Introduction to LSA
Theory and Methods
LSA as a Theory of Meaning
Thomas K Landauer
Pearson Knowledge Technologies and University of Colorado
The fundamental scientific puzzle addressed by the latent semantic analysis (LSA) theory is that there are hundreds of distinctly different human languages, every one with tens of thousands of words. The ability to understand the meanings of utterances composed of these words must be acquired by virtually every human who grows up surrounded by language.
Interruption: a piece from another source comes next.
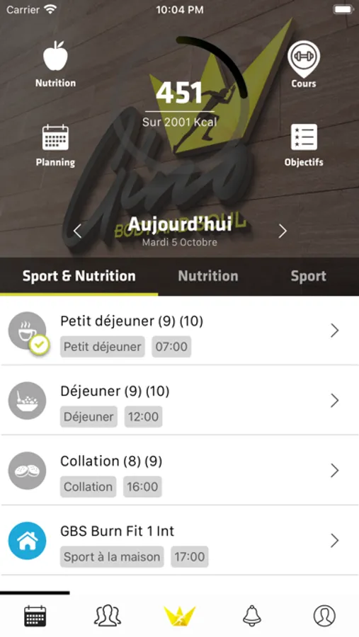 Sur celui-ci vous retrouverez la planification de vos repas et séances créés en amont par votre coach, en réponse à vos objectifs.

There must, therefore, be some humanly shared method—some computational system—by which any human mind can learn to do this for any language by extensive immersion, and without being explicitly taught definitions or rules for any significant number of words.
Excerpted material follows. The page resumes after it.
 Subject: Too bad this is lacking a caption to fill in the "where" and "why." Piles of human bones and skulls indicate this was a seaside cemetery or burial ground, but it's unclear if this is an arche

Most past and still popular discussions of the problem focus on debates concerning how much of this capability is innate and how much learned (Chomsky, 1991b) or what abstract architectures of cognition might support it—such as whether it rests on association (Skinner, 1957) or requires a theory of mind (Bloom, 2000).
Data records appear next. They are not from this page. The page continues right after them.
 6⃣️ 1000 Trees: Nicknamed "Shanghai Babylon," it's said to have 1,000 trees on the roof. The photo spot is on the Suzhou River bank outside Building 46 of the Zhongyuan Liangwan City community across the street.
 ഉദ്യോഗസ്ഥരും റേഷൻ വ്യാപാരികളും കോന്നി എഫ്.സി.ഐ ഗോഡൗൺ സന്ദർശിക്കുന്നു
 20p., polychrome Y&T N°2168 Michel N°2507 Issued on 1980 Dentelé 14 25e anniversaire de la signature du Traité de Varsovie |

The issue with which LSA is concerned is different. LSA theory addresses the problem of exactly how word and passage meaning can be constructed from experience with language, that is, by what mechanisms—instinctive, learned, or both—this can be accomplished.
Carefully describing and analyzing the phenomenon has been the center of attention for experimental psychology, linguistics, and philosophy. Other areas of interest include pinpointing what parts of the brain are most
heavily involved in which functions and how they interact, or positing functional modules and system models. But, although necessary or useful, these approaches do not solve the problem of how it is possible to make the brain, or any other system, acquire the needed abilities at their natural scale and rate.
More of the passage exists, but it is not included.